IRR or Internal Rate of Return
IRR is a special application of the logic behind NPV or Net Present Value calculations. It is a commonly used concept in project and investment analysis, including capital budgeting. The IRR of a project or investment is the discount rate that results in an NPV of zero.
Computing the IRR is a way to analyze an investment for which anticipated (or actual) returns vary from year to year or period to period. Except for debt instruments that yield a constant rate of return over their lives, such variation is the norm. The IRR methodology is a device to derive a single, average compound rate of return from such a scenario.
If the actual discount rate (which is the theoretic cost of funds to the company or investor in question) is lower than the IRR, the project or investment should be undertaken. It is the decision-making rule of thumb used when IRR is employed as an analytic tool for evaluating projects or investments.
Simple Numeric Example
You make a loan of $1,000 to someone. Per the terms of the loan, you will receive an interest payment of 11% ($110) at the end of the first year, and a 20% interest payment ($200) at the conclusion of the second year, at which time you also will receive your $1,000 principal back.

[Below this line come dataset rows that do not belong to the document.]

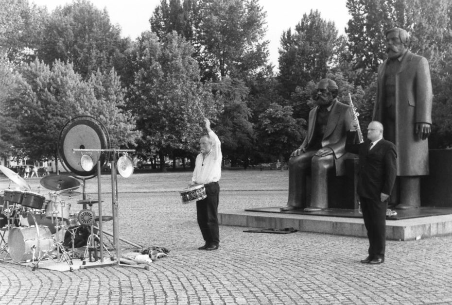 Ten years after the fall of the Berlin Wall, Böttcher revisited his own material, creating a filmic collage from his 1980s 35mm footage and new video material of visitors’ reception of this anachronistic monument. Günter “Baby” Sommer (percussion) and Dietmar Diesner (saxophone) interpret the space and images with their improvisational jazz.
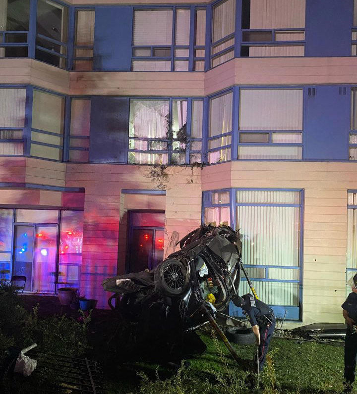В Mississauga (Онтарио) машина врезалась в окно здания на втором этаже.
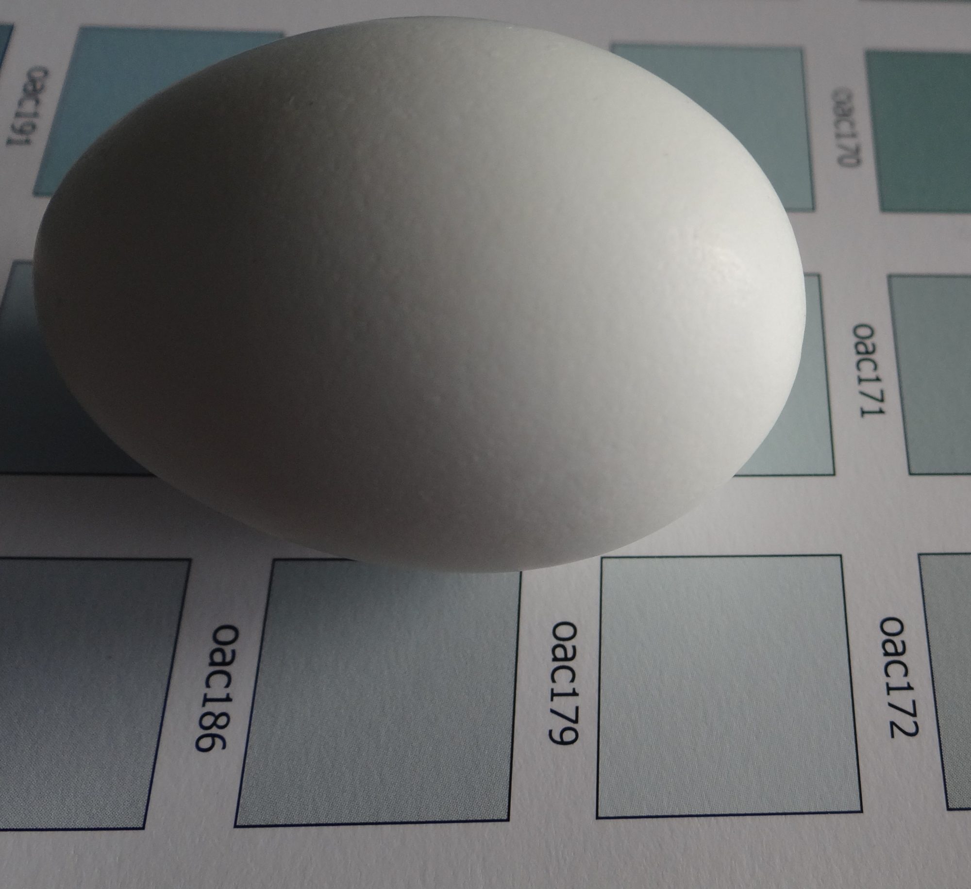 So CJWalden, and lots of us are getting slightly different shades. oac102 is really a true green to my eyes....oac123 is what a lot of 'blue' eggs are. I have an EE that is now laying a oac116 and I like that color for its saturation.

Your IRR, or Internal Rate of Return, on this loan, would be 15.1825%.
Here is the proof of that result:
The present value of $110 is $95.50, given a discount rate of 15.1825%.
That is, $110 / 1.151825 = $95.50
Meanwhile, the present value of $1,200 is $904.50, given a discount rate of 15.1825%.
Specifically, $1,200 / ((1.151825)^2) = $904.50
And, $95.50 + $904.50 = $1,000.00
The HP12c Financial Calculator is a classic tool, still in widespread use, for the computation of IRR, or Internal Rate of Return. Moreover, most spreadsheet programs, such as Microsoft Excel, offer the facility to calculate it.
Uses of IRR
Internal Rate of Return is, as noted earlier, a time-honored tool in various areas of finance. In a project analysis, for example, it is often used to determine whether a given project should be undertaken. However, as detailed in the next section, the use of IRR in such a forward-looking fashion has the limitation of being applied to forecasted figures, which may or may not come to fruition.
In a backward-looking fashion, IRR is used to assess the actual performance of investments. Investment funds, particularly hedge funds, habitually quote it as a key indicator of their track records.
In general, IRR is a commonly-used metric to assess actual or potential investments in which the returns have varied or are expected to vary over time. In the simple numeric example above, the potential lender is receiving an average compound annual return of 15.18% on his or her money and should compare this to other investment opportunities to judge its desirability.
Limitations of IRR Analysis
Projected or forecasted returns may not materialize as anticipated.
A project or investment with a lower anticipated IRR may be preferable if that lower IRR can be earned on a larger principal amount. For example, an opportunity to earn 30% on a $100,000 investment brings greater absolute rewards than 40% on $1,000.
A project or investment with a lower anticipated IRR may be preferable if that lower IRR can be earned for a longer period. For example, earning a compounded 30% over four years, which nearly triples your investment, arguably is a better alternative than earning 40% for just one year and having highly uncertain prospects for reinvestment after that.
The overall IRR of an investment portfolio is not the average of the IRRs on each project, security or investment therein. Rather, the overall IRR of a portfolio with high initial returns of capital typically is greater than the overall IRR of a portfolio in which most gains come later, even if the latter has greater total gains over time. Thus, private equity managers often seek to produce a higher IRR on an investment portfolio by cashing out winning investments early while keeping losing investments longer.
Also Known As - Internal Rate of Return, Hurdle Rate, Compound Rate of Return, Compound Interest.